Feel that zing in the air, dear reader? It's the fizzing electricity of a thousand political think pieces being written in the wake of the 2017 federal budget, the hardest reboot of an established series since Disney took Star Wars off George Lucas.
And there is a lot to unpack. Why are we seeing a pre-election-style budget when the next election is two years away? Why is the government adopting so many of the policies they mocked when Labor suggested them? Is insisting welfare recipients submit to drug testing a cruel joke, or just an especially vile bit of victim-blaming?
But here's the biggest question of all: is Tony Abbott going to smile and agree that everything his government tried to do was terrible?
See, there are two things this budget sought to do - and, at first blush, seems to have largely succeeded at doing.
The first is to go through all the things Labor were successfully attacking the Coalition about during the 2016 election campaign - housing affordability, Medicare, Gonski, the devil-may-care attitude of the banking sector - and attempt to neutralise them as issues.
In some cases they've done more than Labor could have hoped to achieve. Heck, had Labor attempted a needs-based school funding model or a rise in the Medicare levy they'd have been howled down by the conservative media and opposition alike, so this is basically a progressive policy win.
But the other thing this budget needed to do was draw a line under the catastrophic political disaster that was the 2014 budget of Joe Hockey.
The "zombie saving measures" which the Abbott government spent the rest of their time in office failing to pass?
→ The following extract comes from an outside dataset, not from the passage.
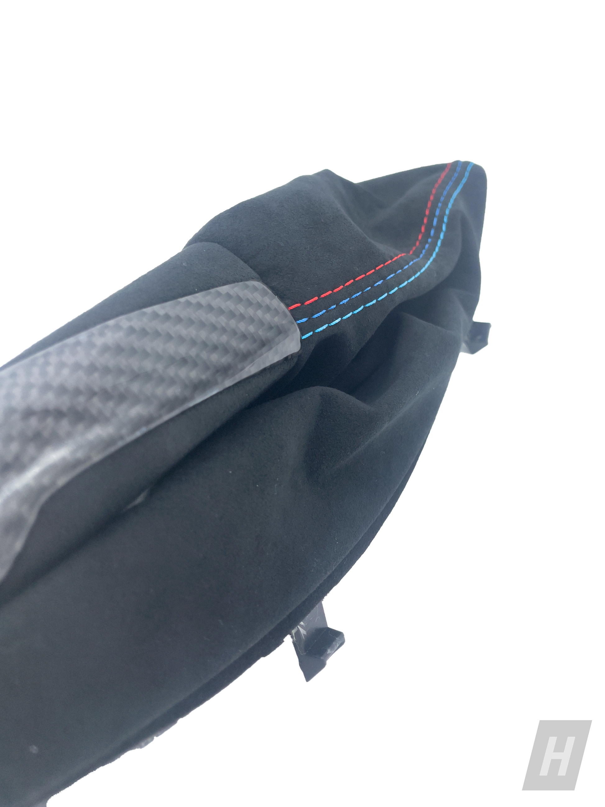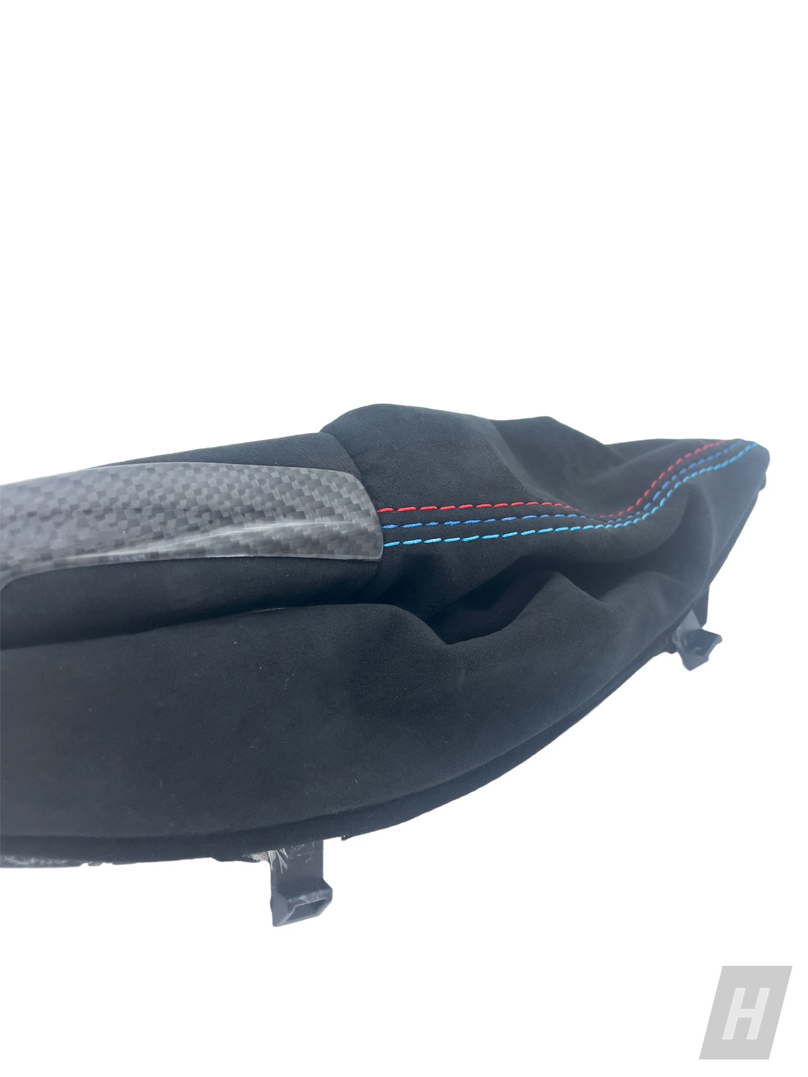 The handbrake is something that is something that is used frequently; however, it is often overlooked. The material combination of carbon / alcantara and the tri-color M seam in the boot compliments the interior of any F8X M and has a more luxurious overall feel than the stock, leather handbrake. It also matches well with the OEM BMW M Performance Armrest, which you can also find on our website.
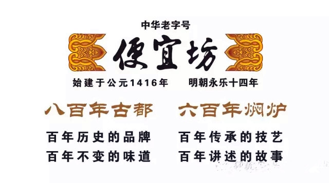 嘉靖年间,一天,任兵部员外郎的杨继盛在回家路上,见有家小店儿幽雅清静,便进入店中品尝烧鸭,只觉得味道鲜美齿颊留香。便问“此店是什么字号?掌柜的回答:人呼便宜坊,但尚无人题匾。杨继盛说道:果然方便宜人,物超所值。遂命店家取来纸墨,即兴挥毫,写下了“便宜坊”三个大字,字体雄浑,笔力遒劲。是由明代著名书法家,历史上赫赫有名的谏臣,杨继盛所提。

Gone. The debt and deficit emergency rhetoric? Gone. The "age of entitlement is over" stuff? Almost completely gone (except for the aforementioned drug tests, which is hopefully the first thing the senate will laugh out of the chamber).
Even the cigars that Joe Hockey and Finance Minister Mathias Cormann smoked in celebration of the 2014 budget have been taxed this time around, in what seems like a particularly sharp backhander to Hockeynomics.
Abbott attempted a bit of a feint on Tuesday morning when the former PM tried to spur a party room protest against the planned school funding plans which, in his opinion, unfairly disadvantages Catholic schools. And, aside from the predictable backing harmonies by his BFFs and fellow dumped frontbenchers Kevin Andrews and Eric Abetz it was clear no-one else was interested in having that fight.
But is he going to just sit back now and allow his dented and degraded legacy to undergo further tarnishing? Because that's not going to make his comeback happen.
After all, he transparently wants to be leader again, and making a case for his return will require him to maintain the notion that his almost two years in the top job was actually a time of unparalleled policy success undermined only by the ambition of lesser colleagues.
It's a tricky situation for the plucky backbencher for Warringah, because the only way a return to being PM is achievable at this point is to sit back and let Turnbull take the party to a humiliating loss at the polls.
At that point, Abbott can reassure the Liberals their fatal mistake was abandoning the conservative base, magnanimously accept their apologies, and get back to the business of deregulating universities and reinstituting knights and dames again.
That requires him to defend his time in office. But to undermine the budget would be to make clear he puts his own ambition ahead of the wellbeing of the party.
This is going to be a delicate piece of surgery for a man more skilled in working with blunt instruments, which is why you should expect the Abbott cheerleaders in the conservative media to do most of the work for him.
And let's be clear: the 2017 budget is refreshingly policy-heavy. At the risk of being overly optimistic, we could be about to see Australian politics deal with the best way to address national problems rather than endlessly throw blame around for the deficit and snipe about which party's patriotic dinkum is the most fair.
But even so, for a government with a one seat majority, this budget is still based on the precarious premise that the remaining architects of the government's first two budgets will be comfortable with being painted as fools.